Given records.
-------
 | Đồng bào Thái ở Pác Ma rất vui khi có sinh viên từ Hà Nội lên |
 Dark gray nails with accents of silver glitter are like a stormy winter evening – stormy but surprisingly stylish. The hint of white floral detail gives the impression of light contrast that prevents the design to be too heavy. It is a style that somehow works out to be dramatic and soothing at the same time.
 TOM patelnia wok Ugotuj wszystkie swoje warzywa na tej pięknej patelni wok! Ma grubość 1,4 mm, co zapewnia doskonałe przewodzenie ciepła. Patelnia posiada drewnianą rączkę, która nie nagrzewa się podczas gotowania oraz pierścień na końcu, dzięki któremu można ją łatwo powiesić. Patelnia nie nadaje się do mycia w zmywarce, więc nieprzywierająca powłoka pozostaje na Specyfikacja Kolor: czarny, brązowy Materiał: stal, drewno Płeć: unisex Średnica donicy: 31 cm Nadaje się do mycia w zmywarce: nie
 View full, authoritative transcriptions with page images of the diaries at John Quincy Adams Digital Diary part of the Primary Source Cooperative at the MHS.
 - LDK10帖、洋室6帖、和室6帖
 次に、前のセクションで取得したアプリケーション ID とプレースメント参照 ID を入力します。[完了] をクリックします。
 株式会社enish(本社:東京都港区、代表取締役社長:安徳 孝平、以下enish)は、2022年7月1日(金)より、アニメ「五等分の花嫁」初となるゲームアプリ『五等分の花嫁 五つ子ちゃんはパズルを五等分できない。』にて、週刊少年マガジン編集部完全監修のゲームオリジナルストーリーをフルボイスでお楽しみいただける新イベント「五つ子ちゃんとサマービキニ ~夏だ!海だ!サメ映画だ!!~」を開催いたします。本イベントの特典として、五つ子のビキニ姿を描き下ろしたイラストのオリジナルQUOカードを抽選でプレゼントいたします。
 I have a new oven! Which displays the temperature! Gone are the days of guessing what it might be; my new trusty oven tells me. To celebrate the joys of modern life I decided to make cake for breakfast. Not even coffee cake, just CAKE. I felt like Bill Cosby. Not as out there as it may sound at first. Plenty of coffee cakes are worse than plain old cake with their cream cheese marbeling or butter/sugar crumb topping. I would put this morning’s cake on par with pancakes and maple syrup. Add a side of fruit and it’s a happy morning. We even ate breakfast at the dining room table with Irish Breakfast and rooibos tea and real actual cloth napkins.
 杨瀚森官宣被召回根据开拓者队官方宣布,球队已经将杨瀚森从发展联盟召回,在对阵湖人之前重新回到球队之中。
-------
Task objective. Every line of the material is to be set down again verbatim.

Exercise solution.
 | Đồng bào Thái ở Pác Ma rất vui khi có sinh viên từ Hà Nội lên |
 Dark gray nails with accents of silver glitter are like a stormy winter evening – stormy but surprisingly stylish. The hint of white floral detail gives the impression of light contrast that prevents the design to be too heavy. It is a style that somehow works out to be dramatic and soothing at the same time.
 TOM patelnia wok Ugotuj wszystkie swoje warzywa na tej pięknej patelni wok! Ma grubość 1,4 mm, co zapewnia doskonałe przewodzenie ciepła. Patelnia posiada drewnianą rączkę, która nie nagrzewa się podczas gotowania oraz pierścień na końcu, dzięki któremu można ją łatwo powiesić. Patelnia nie nadaje się do mycia w zmywarce, więc nieprzywierająca powłoka pozostaje na Specyfikacja Kolor: czarny, brązowy Materiał: stal, drewno Płeć: unisex Średnica donicy: 31 cm Nadaje się do mycia w zmywarce: nie
 View full, authoritative transcriptions with page images of the diaries at John Quincy Adams Digital Diary part of the Primary Source Cooperative at the MHS.
 - LDK10帖、洋室6帖、和室6帖
 次に、前のセクションで取得したアプリケーション ID とプレースメント参照 ID を入力します。[完了] をクリックします。
 株式会社enish(本社:東京都港区、代表取締役社長:安徳 孝平、以下enish)は、2022年7月1日(金)より、アニメ「五等分の花嫁」初となるゲームアプリ『五等分の花嫁 五つ子ちゃんはパズルを五等分できない。』にて、週刊少年マガジン編集部完全監修のゲームオリジナルストーリーをフルボイスでお楽しみいただける新イベント「五つ子ちゃんとサマービキニ ~夏だ!海だ!サメ映画だ!!~」を開催いたします。本イベントの特典として、五つ子のビキニ姿を描き下ろしたイラストのオリジナルQUOカードを抽選でプレゼントいたします。
 I have a new oven! Which displays the temperature! Gone are the days of guessing what it might be; my new trusty oven tells me. To celebrate the joys of modern life I decided to make cake for breakfast. Not even coffee cake, just CAKE. I felt like Bill Cosby. Not as out there as it may sound at first. Plenty of coffee cakes are worse than plain old cake with their cream cheese marbeling or butter/sugar crumb topping. I would put this morning’s cake on par with pancakes and maple syrup. Add a side of fruit and it’s a happy morning. We even ate breakfast at the dining room table with Irish Breakfast and rooibos tea and real actual cloth napkins.
 杨瀚森官宣被召回根据开拓者队官方宣布,球队已经将杨瀚森从发展联盟召回,在对阵湖人之前重新回到球队之中。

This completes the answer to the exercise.